Biomolecular fluorescence complementation (BiFC)

Chinese hamster ovary (CHO-K1) cell lines were maintained as described previously (33). For BiFC experiments, CHO-K1 cells were seeded onto Lab-Tek 8-well plates (Nunc Nalgene, Rochester, NY, USA). Cells were transfected for 24 h with 0.15 μg of DNA using Lipofectamine (Invitrogen) according to the manufacturer's instructions, and subsequently incubated for 24 h at 30°C to facilitate correct folding of the YFP fragments. Following washing of the cells in HEPES-buffered saline solution (HBSS; 25 mM HEPES, 10 mM glucose, 146 mM NaCl, 5 mM KCl, 1 mM MgSO₄, 2 mM sodium pyruvate, and 1.3 mM CaCl₂), images of BiFC were obtained on a Zeiss LSM510 confocal microscope using a c-Apochromat ×40 1.2 NA water-immersion objective (Carl Zeiss, Oberkochen, Germany), using 514-nm excitation and a pinhole diameter of 1 Airy unit.

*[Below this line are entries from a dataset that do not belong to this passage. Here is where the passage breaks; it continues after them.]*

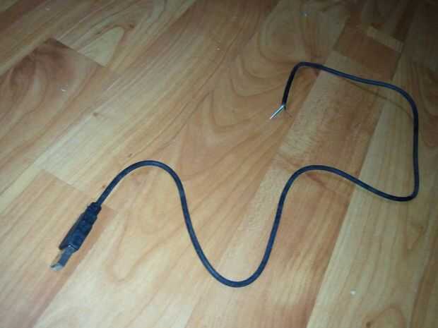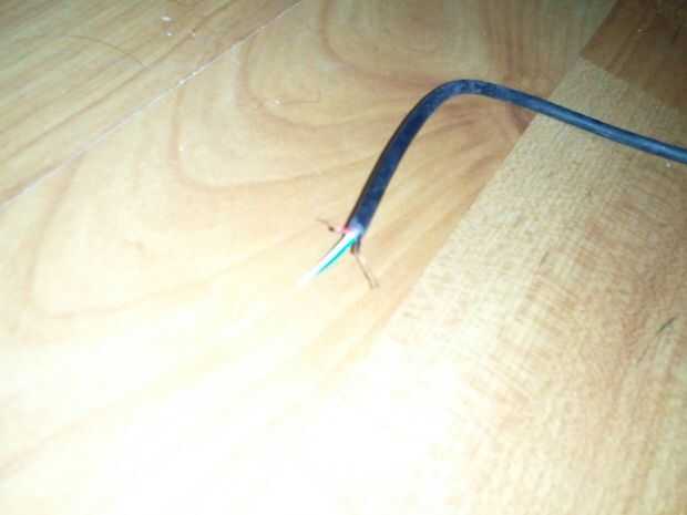 Corte el alambre y enfocar cuatro hilos encuentran hilos rojos es el positivo y el negro negativo.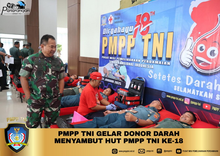 SENTUL, –Pusat Misi Pemeliharaan Perdamaian (PMPP) TNI menggelar kegiatan Donor Darah dalam rangka menyambut Hari Ulang Tahun (HUT) PMPP TNI ke-18 Tahun 2025 bertempat di Auditorium PMPP TNI Sentul Bogor. (22/01/2025).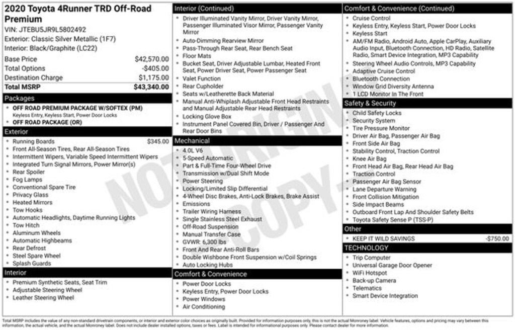 Used 2020 Toyota 4Runner SUV TRD Off-Road Premium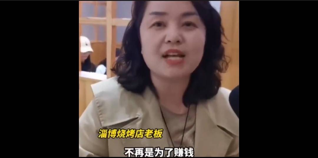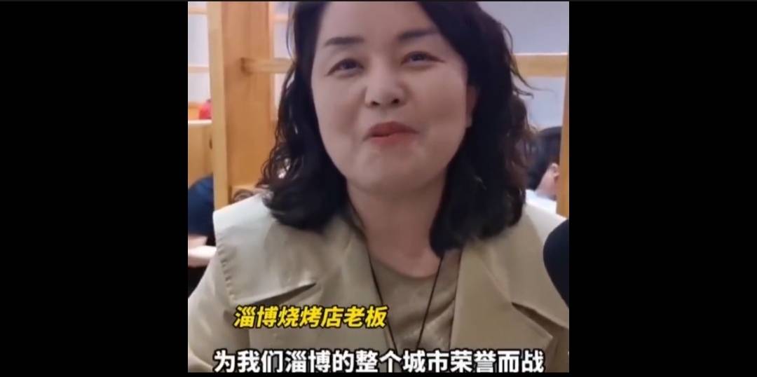 淄博烧烤如今俨然已经从地方美食上升到全民荣誉了,比如这位漂亮的老板娘。
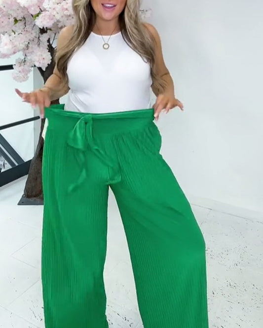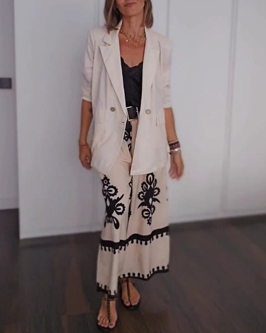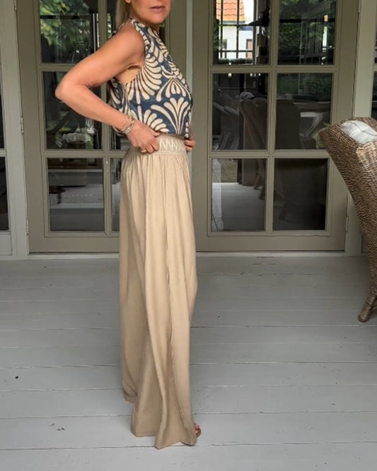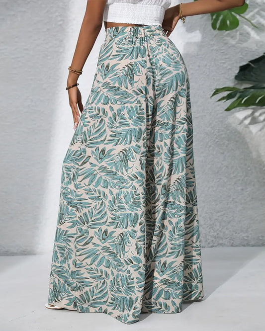 Elegante bukser med vidde ben med høy midje og bladtrykk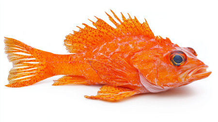 Orange Roughy presents a vivid display of its bright orange hue and distinctive spiny fins highlighting its unique physical features and natural beauty.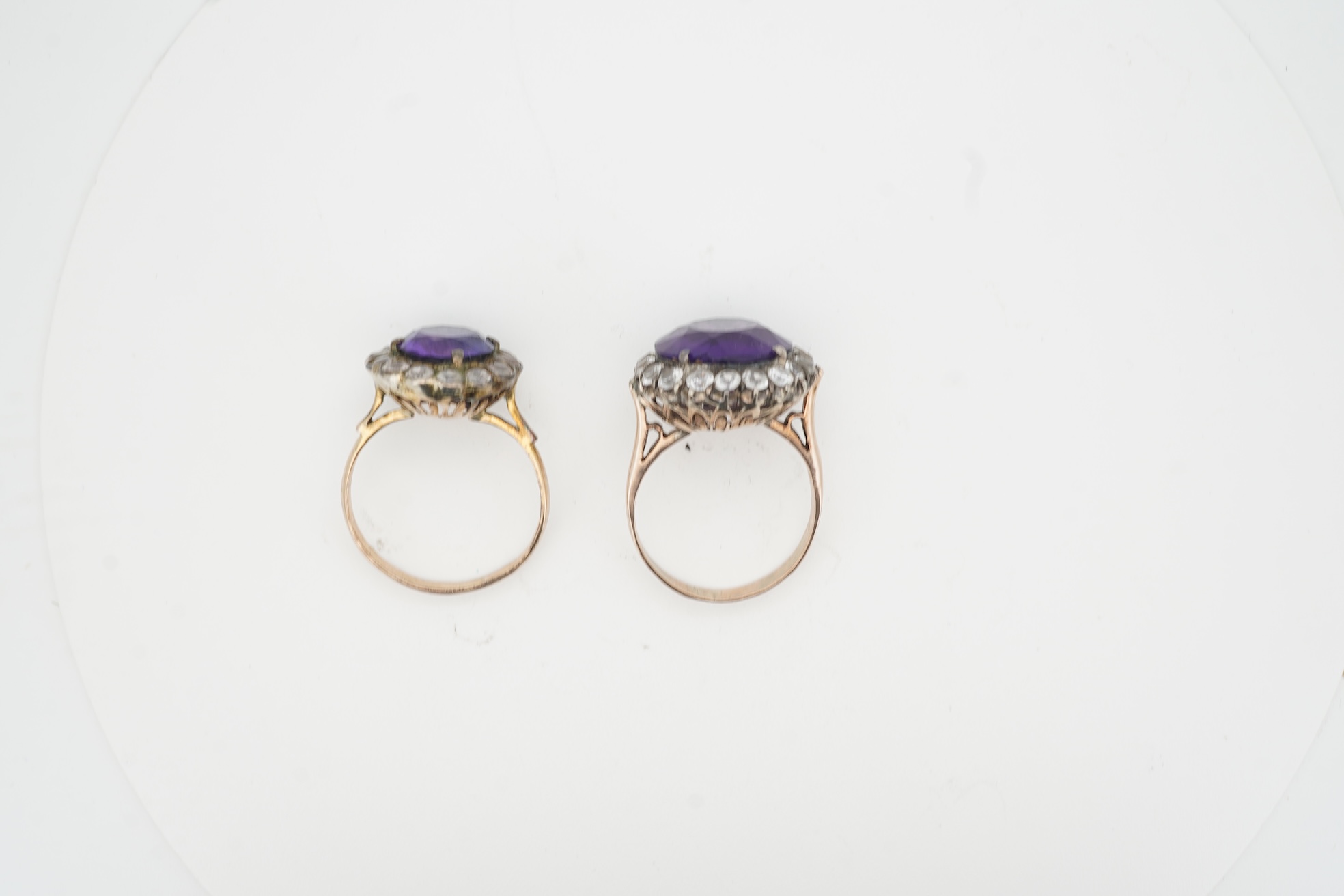 An amethyst and simulant diamond cluster ring, early 20th century, size O, one small stone deficient; and a smaller ring of similar design centring on a circular-cut synthetic violet sapphire within a border of circular-

Influence of competitive ligands on ABA-X-BY630 association and dissociation at A₁-ARs and A₃-ARs

CHO-K1 cell lines stably expressing either the human A₁-AR (CHO–A₁; B_max=3350±315 fmol/mg protein; ref. 35) or the human A₃-AR (CHO–A₃; B_max=765±22 fmol/mg protein; ref. 36), respectively, were maintained in Dulbecco's modified Eagle's medium/nutrient mix F12 (DMEM-F12) containing 10% fetal calf serum (FCS) and 2 mM l-glutamine at 37°C in a humidified incubator containing 5% CO₂. When confluent, cells were harvested (0.25% trypsin) and centrifuged (1000 g for 5 min), and the resulting pellet was resuspended in DMEM-F12 containing 10% FCS and 2 mM glutamine. Prior to assaying, CHO-A₁ and CHO-A₃ cells were seeded onto 32-mm circular coverslips in DMEM-F12 containing 10% FCS and 2 mM glutamine for ≥18 h and grown to 80–100% confluence.

Live cell imaging was performed using a Zeiss LSM 510 laser scanning confocal microscope and a Zeiss Plan-Neofluar ×40 1.3 NA oil-immersion objective. A 633-nm HeNe laser was used for the excitation of ABA-X-BY630 (a BODIPY630/650 conjugate) with emission being detected using a 650-nm long-pass filter. Dissociation kinetic assays were performed according to the previously described method of infinite dilution using a temperature-controlled perfusion system (33). This method maintains a constant flow rate while exposing cells to HBSS in the absence and presence of 30 nM ABA-X-BY630 and/or competitive ligands. In each case, the temperature was maintained at 37°C, the flow rate was ≥5 ml/min, and the pinhole diameter (1 Airy unit; 1.1-μm optical slice), laser power, and gain remained constant between experiments.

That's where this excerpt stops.